So far, everything we’ve discussed is firmly in our Solar System. Time for a change. Supernova is more of a thriller that happens to be set in space, but with a name like Supernova I think it’s still fair game. The story begins on a medical rescue vessel–a space ambulance. They hang out in space waiting for distress calls, presumably using some kind of Star Trek-like subspace communication to circumvent the whole speed of light thing.
They get a distress call from a mining colony on a “rogue moon”, presumably a planetary body that got ejected from its system. That’s certainly possible and indeed likely in some scenarios, so we’re off to a good start… and come to a grinding halt with the line “There is a lot of gravitational instability in that sector.” What does that mean? Gravity is a force induced by something with mass, so gravitational instability would mean something is changing mass. If you have two incredibly massive objects spinning around one another very quickly in an eccentric orbit, and you happen to be very close to them, the gravitational attraction you experience could certainly be variable, but it would be predictable, not unstable.
Well, regardless, it’s 3432 light years away, so we’re about to have our first encounter with faster-than-light travel. Here that’s called dimension jump, and it requires everyone to take off their clothes and get into clear tubes (dimensional stabilization units). Luckily everyone on the ship is a perfect physical specimen except the captain who dies in the jump.
In a theme we’ll see again, they have to fold up the solar panels to dimension jump. This is important because of… drag in dimensionless space? The ship creates some sort of wormhole for itself in a scene that’s… not too bad, actually. One of the keys to believable soft sci-fi is not to explain too much. If you casually drop a term like “dimension jump” and then don’t even attempt to explain it, you leave it to the viewer to fill in the blanks. Once you start throwing around numbers, equations, or technobabble, you just get yourself in trouble.
“Blue giant. That’s gotta be 10 times the gravity of our Sun. We’ve jumped into a high-grav field right in the path of that moon’s debris cloud.” See? That’s exactly the sort of technobabble I was just talking about. Also, their navigational computer sucks. Blue giants are amongst the brightest stars in the universe, so it should’ve been well visible from 3000 light years away. From the visuals, it appears that the blue giant star is in a binary, though they never actually mention that in the film. It’s a beautiful depiction of a Roche lobe overflow binary, but it’s just thrown away.

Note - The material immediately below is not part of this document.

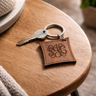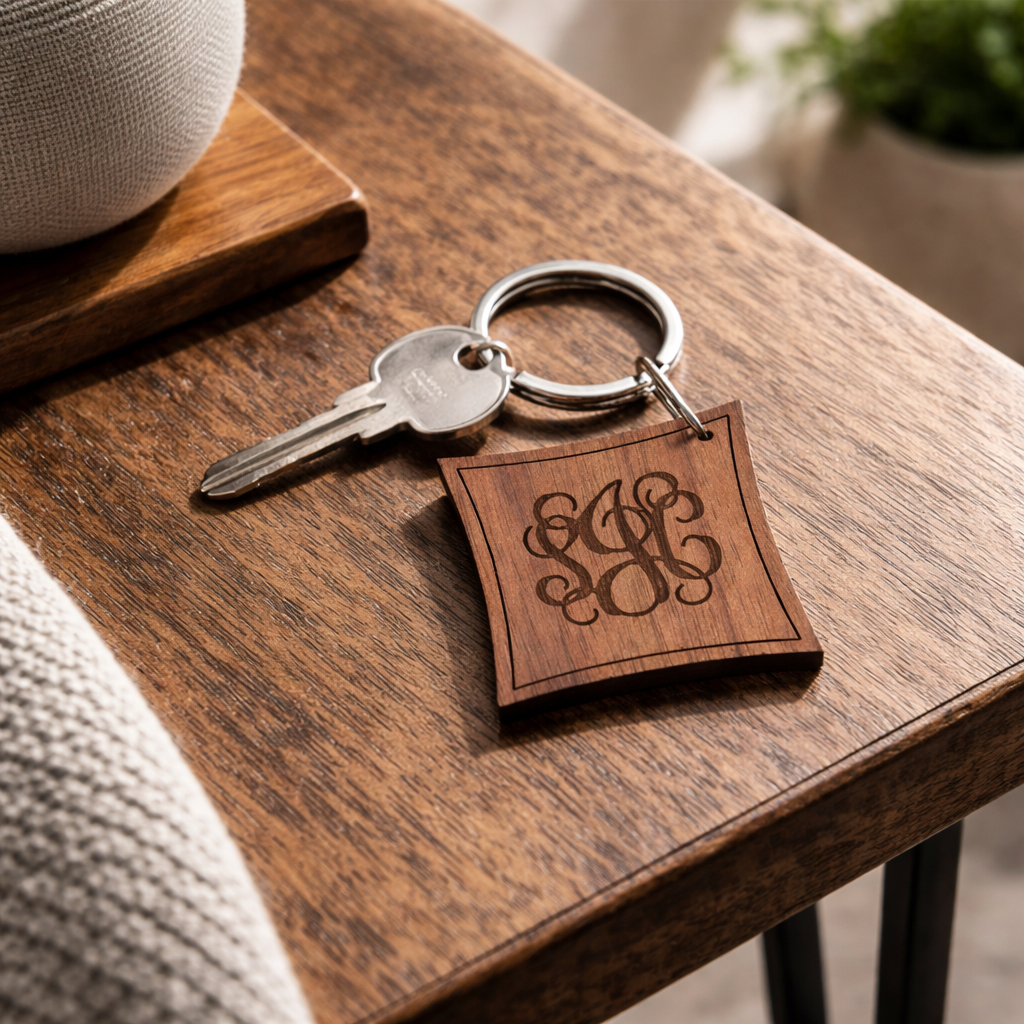 The design features a softly curved rectangular silhouette, lending this wooden keychain a timeless appeal. Encasing the central engraving is a delicately etched border that follows the contour of the piece, framing the monogram with a sense of balance and sophistication. At the heart of the design lies the intricately engraved set of initials, rendered in an ornate script that intertwines gracefully. The lettering is both decorative and legible, evoking a sense of heritage craftsmanship. The precision of the engraving creates a subtle contrast against the walnut background, allowing the initials to stand out with refined clarity.

On the rogue moon, the crew finds a mystery object which, after computer analysis, they discover is composed of 9th dimensional matter. I once attended a talk by a mathematician about 5- and 6-dimensional polygons. In attempting to explain what that meant, the speaker said, “Imagine a 4-dimensional polygon,” and my brain exploded. In astrophysics, we usually refer to time as the 4th dimension, so for a 4D polygon, all I could imagine was a regular 3D polygon changing in time. That’s not what mathematicians mean when they talk about this stuff though–all they mean is that you add another term in your equation. X + Y + Z gives you 3D, so you just need X + Y + Z + W. Voila! 4D polygon. You want 9 dimensions? Just add another 5 variables. I have no idea what this movie means by 9th dimensional matter, but whatever it is, it’s highly unstable and makes everyone homicidal and/or horny. There is a lot of inexplicable partial nudity in this film.
There isn’t even really a supernova either, despite the title. The 9th dimensional matter is going to explode, but our heroes jump away in time and we don’t actually see the outcome. Did the explosion of the 9th dimensional matter cause the star to explode or was the explosion of the 9D the supernova? I don’t think it’s asking too much for a film called Supernova to at least mention a supernova at some point.